When those two algorithmic families established in the scientific communities,
the next obvious step is… to try to merge them. And this is how the Actor-Critic
was born. Actor-Critics aim to take advantage of all the good stuff from both
value-based and policy-based while eliminating all their drawbacks. And how do
they do this?

The principal idea is to split the model in two: one for computing an action
based on a state and another one to produce the Q values of the action.

The actor takes as input the state and outputs the best action. It essentially
controls how the agent behaves by learning the optimal policy
(policy-based). The critic, on the other hand, evaluates the action by
computing the value function (value based). Those two models participate in a
game where they both get better in their own role as the time passes. The result
is that the overall architecture will learn to play the game more efficiently
than the two methods separately.

This idea of having two models interact (or compete) with each other is getting
more and more popular in the field of machine learning in the last years. Think
of Generative Adversarial Networks or Variational Autoencoders for example.

But let’s get back to Reinforcement Learning. A good analogy of the actor-critic
is a young boy with his mother. The child (actor) constantly tries new things
and exploring the environment around him. He eats its own toys, he touches the
hot oven, he bangs his head in the wall (I mean why not). His mother (the
critic) watches him and either criticize or compliment him. The child listen to
what his mother told him and adjust his behavior. As the kid grows, he learns
what actions are bad or good and he essentially learns to play the game called
life. That’s exactly the same way actor-critic works.

The actor can be a function approximator like a neural network and its task is
to produce the best action for a given state. Of course, it can be a fully
connected neural network or a convolutional or anything else. The critic is
another function approximator, which receives as input the environment and the
action by the actor, concatenates them and output the action value (Q-value) for
the given pair. Let me remind you for a sec that the Q value is essentially the
maximum future reward.

The training of the two networks is performed separately and it uses gradient
ascent (to find the global maximum and not the minimum) to update both their
weights. As time passes, the actor is learning to produce better and better
actions (he is starting to learn the policy) and the critic is getting better
and better at evaluating those actions. It is important to notice that the
update of the weights happen at each step (TD Learning) and not at the end of
the episode, opposed to policy gradients.

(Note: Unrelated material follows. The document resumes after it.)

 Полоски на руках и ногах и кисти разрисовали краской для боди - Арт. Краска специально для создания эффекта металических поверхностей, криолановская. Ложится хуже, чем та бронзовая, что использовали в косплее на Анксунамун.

Actor critics have proven able to learn big, complex environments and they have
used in lots of famous 2d and 3d games, such as Doom, Super Mario, and others.

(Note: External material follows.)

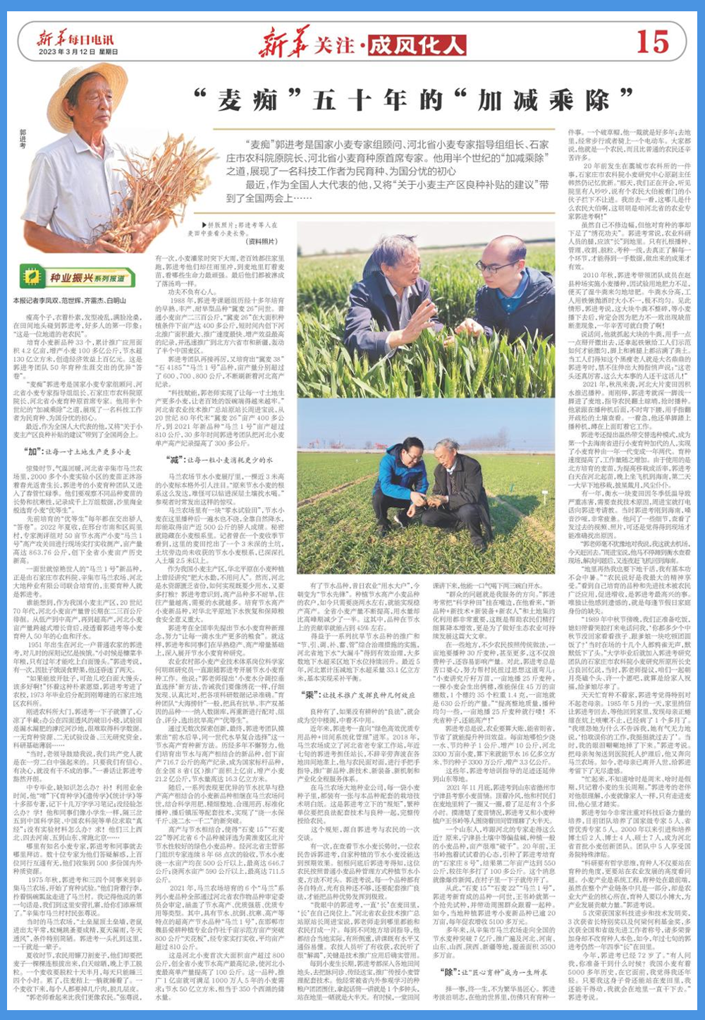 培育小麦新品种33个,累计推广应用面积4.2亿亩,增产小麦100多亿公斤,节水超130亿立方米,创造经济效益上百亿元。这是郭进考团队50年育种生涯交出的优异“答卷”。(新华社记者李凤双、范世辉、齐雷杰、白明山)

Are you tired? Because I now start getting excited and I plan on keep going.
It’s a really good opportunity to talk about two very popular improvements of
Actor-critic models, A2C and A3C.

Advantage Actor-Critic (A2C)

What is Advantage? Q values can, in fact, be decomposed into two pieces: the
state Value function V(s) and the advantage value A(s, a):

Q(s, a)=V(s)+A(s, a)=>A(s, a)=Q(s, a)-V(s)=>A(s, a)=r+ {\gamma} V\left(s_{-} \text {hat }\right)-V(s)

Advantage function captures how better an action is compared to the others at a
given state, while as we know the value function captures how good it is to be
at this state.

You guess where this is going,right? Instead of having the critic to learn the
Q values, we make him learn the Advantage values. That way the evaluation of
an action is based not only on how good the action is, but also how much better
it can be. The advantage of the advantage function (see what I did here?) is
that it reduces the high variance of policy networks and stabilize the model.

Asynchronous Advantage Actor-Critic (A3C)

A3C’s released by DeepMind in 2016 and make a splash in the scientific
community. It’s simplicity, robustness, speed and the achievement of higher
scores in standard RL tasks made policy gradients and DQN obsolete. The key
difference from A2C is the Asynchronous part. A3C consists of multiple
independent agents(networks) with their own weights, who interact with a
different copy of the environment in parallel. Thus, they can explore a bigger
part of the state-action space in much less time.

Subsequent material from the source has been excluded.